PROBLEM -
Omit the pictures and return exactly the stretch of the material below from the line with "я делала чак-чак." through the line with "- Monolithic Dual".
··· THE INPUT ···
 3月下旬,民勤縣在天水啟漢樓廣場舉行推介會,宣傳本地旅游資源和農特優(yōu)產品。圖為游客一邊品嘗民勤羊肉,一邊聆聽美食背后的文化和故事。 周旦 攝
···
··· THE INPUT ···
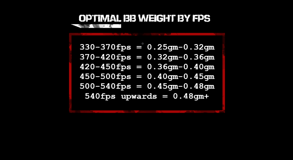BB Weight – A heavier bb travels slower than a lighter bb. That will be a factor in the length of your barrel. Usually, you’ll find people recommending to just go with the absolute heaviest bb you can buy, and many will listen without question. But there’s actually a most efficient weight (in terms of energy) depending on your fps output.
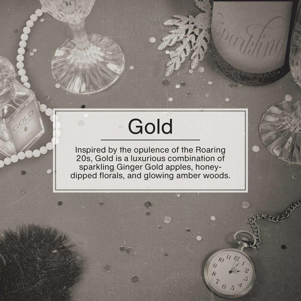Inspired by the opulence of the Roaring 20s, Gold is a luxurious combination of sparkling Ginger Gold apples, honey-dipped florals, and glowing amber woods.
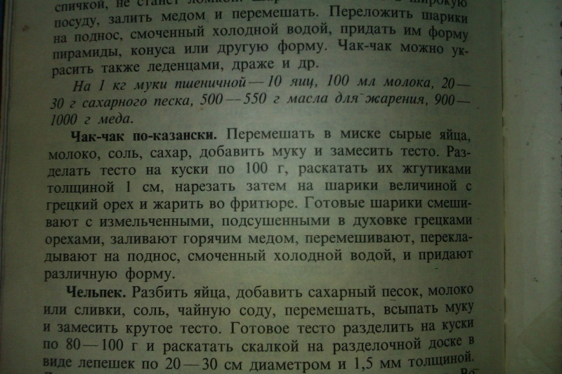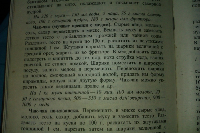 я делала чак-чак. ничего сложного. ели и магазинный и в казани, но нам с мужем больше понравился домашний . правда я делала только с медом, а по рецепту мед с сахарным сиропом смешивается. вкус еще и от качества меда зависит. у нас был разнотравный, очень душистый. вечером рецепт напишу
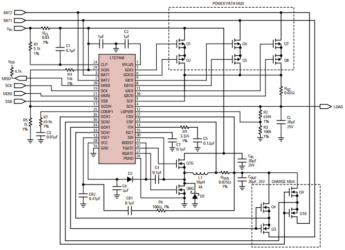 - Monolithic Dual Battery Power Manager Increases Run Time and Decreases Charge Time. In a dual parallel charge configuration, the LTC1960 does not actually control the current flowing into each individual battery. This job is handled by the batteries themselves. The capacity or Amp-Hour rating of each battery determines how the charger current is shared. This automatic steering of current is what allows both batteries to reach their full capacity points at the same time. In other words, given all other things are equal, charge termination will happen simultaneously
···
··· THE INPUT ···
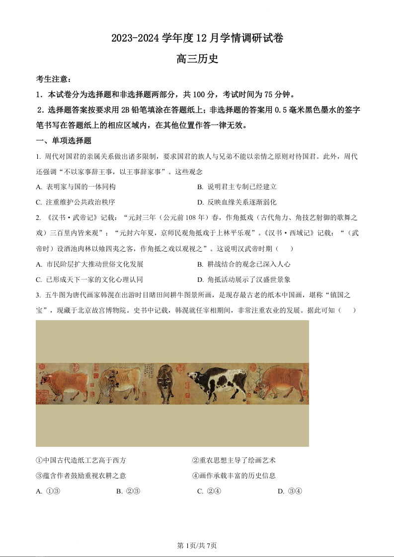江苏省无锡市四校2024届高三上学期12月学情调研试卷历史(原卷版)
···
THE ANSWER -
 я делала чак-чак. ничего сложного. ели и магазинный и в казани, но нам с мужем больше понравился домашний . правда я делала только с медом, а по рецепту мед с сахарным сиропом смешивается. вкус еще и от качества меда зависит. у нас был разнотравный, очень душистый. вечером рецепт напишу
 - Monolithic Dual Battery Power Manager Increases Run Time and Decreases Charge Time. In a dual parallel charge configuration, the LTC1960 does not actually control the current flowing into each individual battery. This job is handled by the batteries themselves. The capacity or Amp-Hour rating of each battery determines how the charger current is shared. This automatic steering of current is what allows both batteries to reach their full capacity points at the same time. In other words, given all other things are equal, charge termination will happen simultaneously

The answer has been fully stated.